服のリフォームに限らず、世の中のどんなサービスにも共通することですが、お店のサービスを利用すればお金がかかります。プロとしてサービスを提供しているということは、報酬に見合った作業量やスキルが保証されるということ。それは自身も技術職である夫が一番良く分かっているはずです。
「プロに頼むんだから、お金がかかるのは仕方ないよ」と念押ししても、なかなか煮え切らない態度。最後には「自分でやってみるからいいや」と、縫い方を図解したウェブサイトや動画を見つつ、自分でやろうとしはじめました。
その姿がまるで私に対する当てつけのように見え、少しムッとしながら放置していたのですが…。
夫の手つきを見てハラハラ
チャレンジ精神は存分に褒めたたえたいのですが、夫の手つきがあまりに不馴れで、見ているこちらがハラハラしてしまうほど。針を進めるたびに「玉結びってこうでいいの?」「返し縫いってどうやるの?」と基本的なことを聞かれ続け、我慢がならず助太刀したくなってしまい、結局裁縫を引き受けることに。
もちろん、プロのようにはいかないこと、ミシンのような均一な縫い目や仕上がりを諦めてもらうことは了承済みです。

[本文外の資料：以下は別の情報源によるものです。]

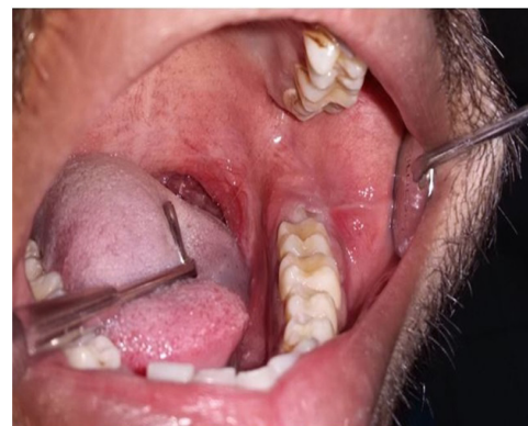
Figure 1: Impacted mandibular third molar showing inflamed pericoronal region.

Intra oral clinical examination reveals impacted lower left third molar with pericoronal tissue over the distal surface of the tooth (Figure 1). The retromolar tissue was inflamed and tender. The tooth was also tender to percussion. On inspection, occlusal surface had no evidence of dental caries.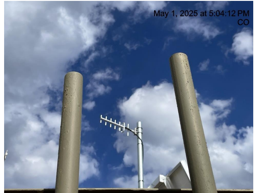
Photo # 8519 PRV & Rupture disc vent lines do not comply with CECMC pressure safety device rules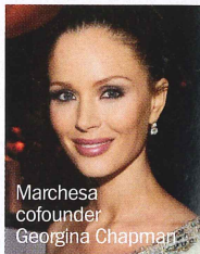
Marchesa cofounder Georgina Chapman

Marchesa devotees now know exactly how to top off their fall frocks, thanks to Le Métier de Beauté's Marchesa collection. Georgina Palette, $65 (brilliant for touch-ups—it's the size of a credit card); Lipgloss in Le Feu/La Glace, $38.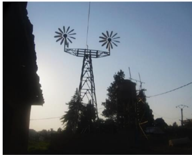
Figure 2: Wind electric pumping system at Ndoh Djutissa in Cameroon (Nfah and Ngundam, 2012)

those potential power stations are developed, in order to serve energy to both the rural and the urban dwellers of Cameroon.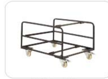
Blink sled base chair (only) FSBLITROL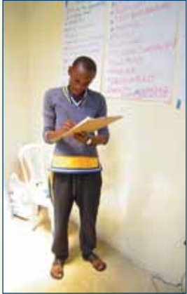
Cista facilitator leads workshop in Kenya

“I can now work in my community with less fear knowing that risks can be avoided,” shared an IPJ-trained facilitator following a training she co-led for 20 youth leaders in her community in Kenya in March 2012. Facilitators like this one, from the IPJ’s partner organization Cista Kenya, introduced community participants to key conflict resolution and violence prevention tools that could be used to address pressing security concerns in their own communities, particularly in the run-up to the next elections.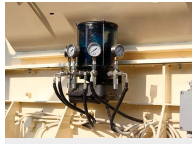
#5 Automatic Greasing System with pressure gauge on each delivery line

#4 External Sand Bin Vibrator ensures smooth flow of sand during batching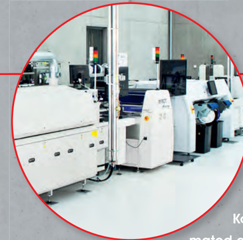
KombiSIGN 72 for machines, auto- mated equipment, shipping and logistics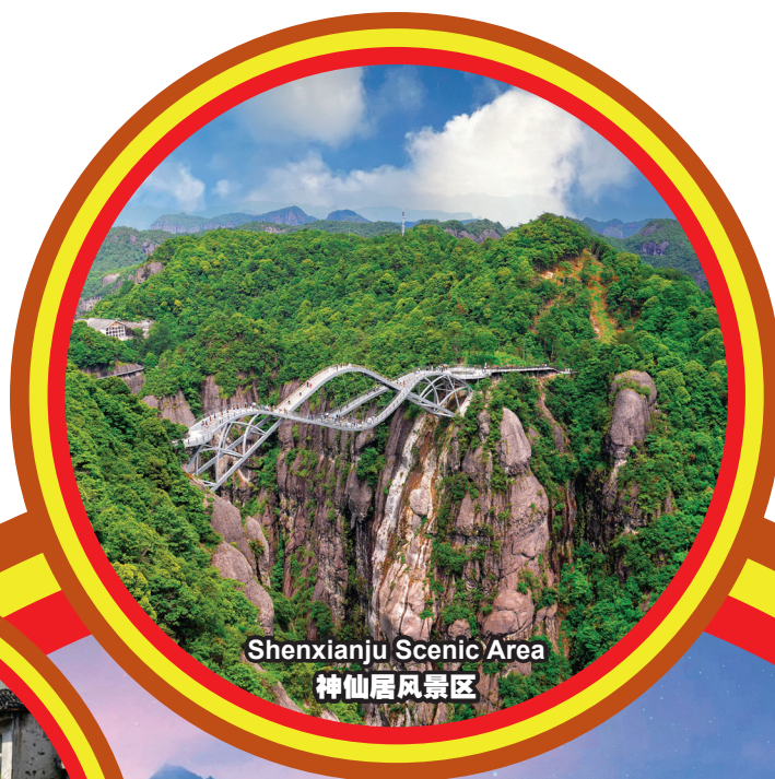
Shenxianju Scenic Area 神仙居风景区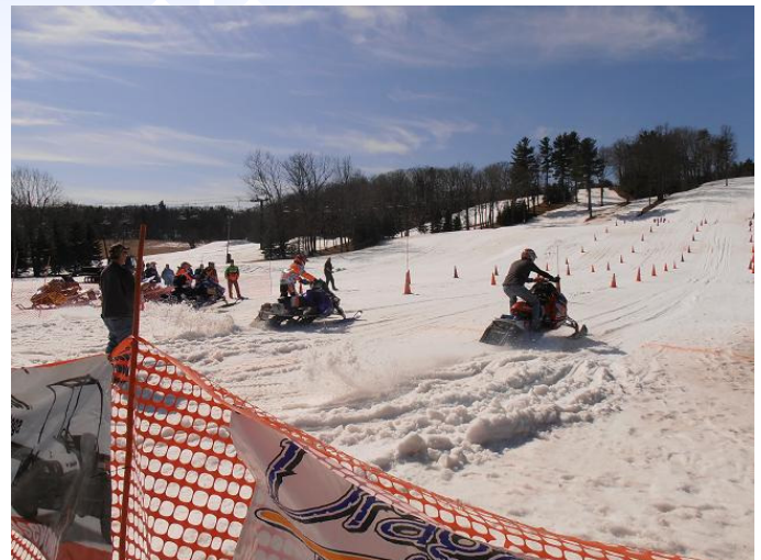
Snowmobiles launch from the starting line during the hill climb drags on March 11.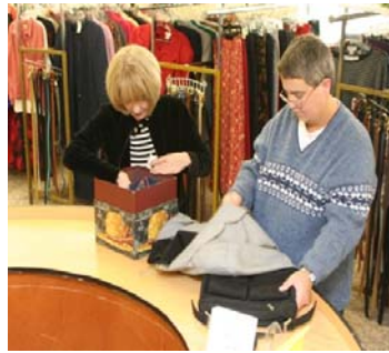
Two wonderful and dedicated Job Outfitters volunteers accessorizing an outfit for a client.

Last year, the program assisted more than 750 women. Please call 434-3494 ext. 125 to donate to Job Outfitters or to volunteer. Monetary donations are greatly appreciated.

しばらくして、私が裁縫をしている姿をそばで見ていて申し訳なく思ったのか、夫は「お金がかかるってことは、やっぱり時間も手間もかかるんだよね」「今度はお店に持っていくね」と呟いていました。
「それなら最初から持っていってよ〜!」と心の中でグチを言いつつ、なんとか2本分の裾上げを完成。
夫に裁縫を覚えてもらうせっかくのチャンスを自ら逃したことは少し後悔していますが、こんなことで夫婦関係をこじらせたくないので、プチ揉め程度で終わらせて良かったのでしょう。抱えている仕事もなんとかこなし、リフォームショップに出していたらかかったはずの金額の5分の1程度を報酬としてスイーツをおごってもらう約束をしたので、私としても納得しています。
まとめ
今回は私が折れるような形になりましたが、本当に時間が切迫していたら夫の言い分など無視して、勝手にリフォームショップに依頼していたかもしれません。プチ揉めどころか大揉めになっていたかも…。
節約しようとする姿勢は素晴らしいですが、頼まれる側の事情も汲んでほしい! とはいえ、些細な要望に対してもすぐ「NO」と言ったり頭ごなしに否定するのではなく、歩み寄ることも時には大切だ、と改めて思った出来事でした。
次の機会があれば、夫にはぜひ裁縫に再チャレンジしてもらいたいですね。その際は、歩み寄りつつも、しっかりとレクチャーしたいと考えています。